I worked hard to make a life for my family in this adopted country of mine. I was diligently saving for my retirement in tax-deferred instruments like 401K and 403B. Now that I am thinking of retiring, I have questions looming in my mind. I heard I have to pay tax on all that I saved in my retirement plan. I also heard that I am required to withdraw from my retirement account even if I don’t need (want) to withdraw. So many questions, my head is exploding.
Okay, here are the basics:
- Remember, the whole idea of tax-deferred retirement saving instrument is to defer taxes till you withdraw which is generally when you retire. Hopefully, you will be in a lower tax-bracket when you are in retirement. This may not be true for all. Specifically, if you have been maxing out in your retirement savings account, have a good social security check and a pension when you retire. That is why it is important to start planning early. Talk to professionals that help you plan to effectively minimize the tax burden.
- Yes, you will have to withdraw from all retirement tax deferred accounts (Roth IRAs do not fall under tax-deferred category) what is known as required minimum distribution (RMDs) when you turn 72.
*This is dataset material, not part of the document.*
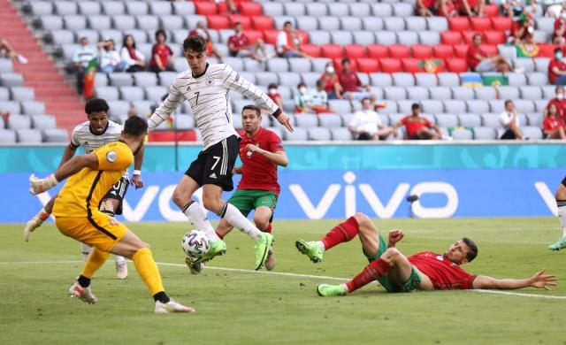 欧冠决赛,多少对本场的胜负产生了一定的影响。哈弗茨、韦尔纳和吕迪格在欧冠赢了鲁本·迪亚斯和贝尔纳多·席尔瓦。坎塞洛在欧冠决赛未能上场,因为新冠阳性,欧洲杯开打前又被达洛特取代。哈弗茨的理论位置并不是箭头,韦尔纳在欧冠决赛为哈弗茨拉出了空当,同理,格纳布里的作用也是如此。哈弗茨对德国的头三个进球都有贡献,迫使迪亚斯乌龙;接应穆勒二次传中造成葡萄牙门前混乱;最后把握戈森斯传中,打开了代表德国在大赛的进球账户。德国从之前可能出局的阴影中走了出来,不仅出线希望大增,甚至可能取代法国头名出线。

- If you are working beyond 72, you have the opportunity to delay taking RMDs sponsored by the company for which you are still working till you are no longer working for the company.
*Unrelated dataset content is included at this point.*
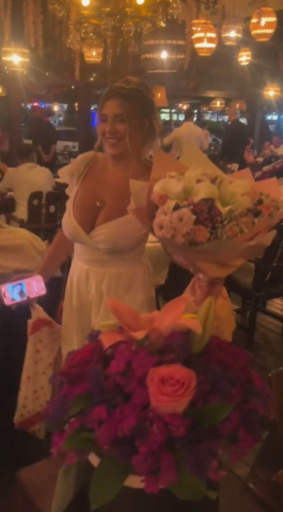 Rođendanska svečanost održana je u prestižnom restoranu sa pogledom na more, gde je slavljenica okupila najbliže prijatelje. Vesela atmosfera bila je obogaćena raskošnim dekoracijama – sto je bio prekriven raznobojnim cvećem, dok su se oko njega šepurili veliki baloni, stvarajući bajkovitu scenografiju.

The goal is to plan in advance. Do not wait till the last minute whether it is saving for retirement, withdrawing saved money efficiently from your retirement portfolio or for that matter even saving efficiently for your child’s college education. Everything needs a plan. Remember you planned and had a vision when you decided to leave your country and make this country your home. So bring-back that planning mind-set to your life. Holidays are the crucial time to discuss this with your family.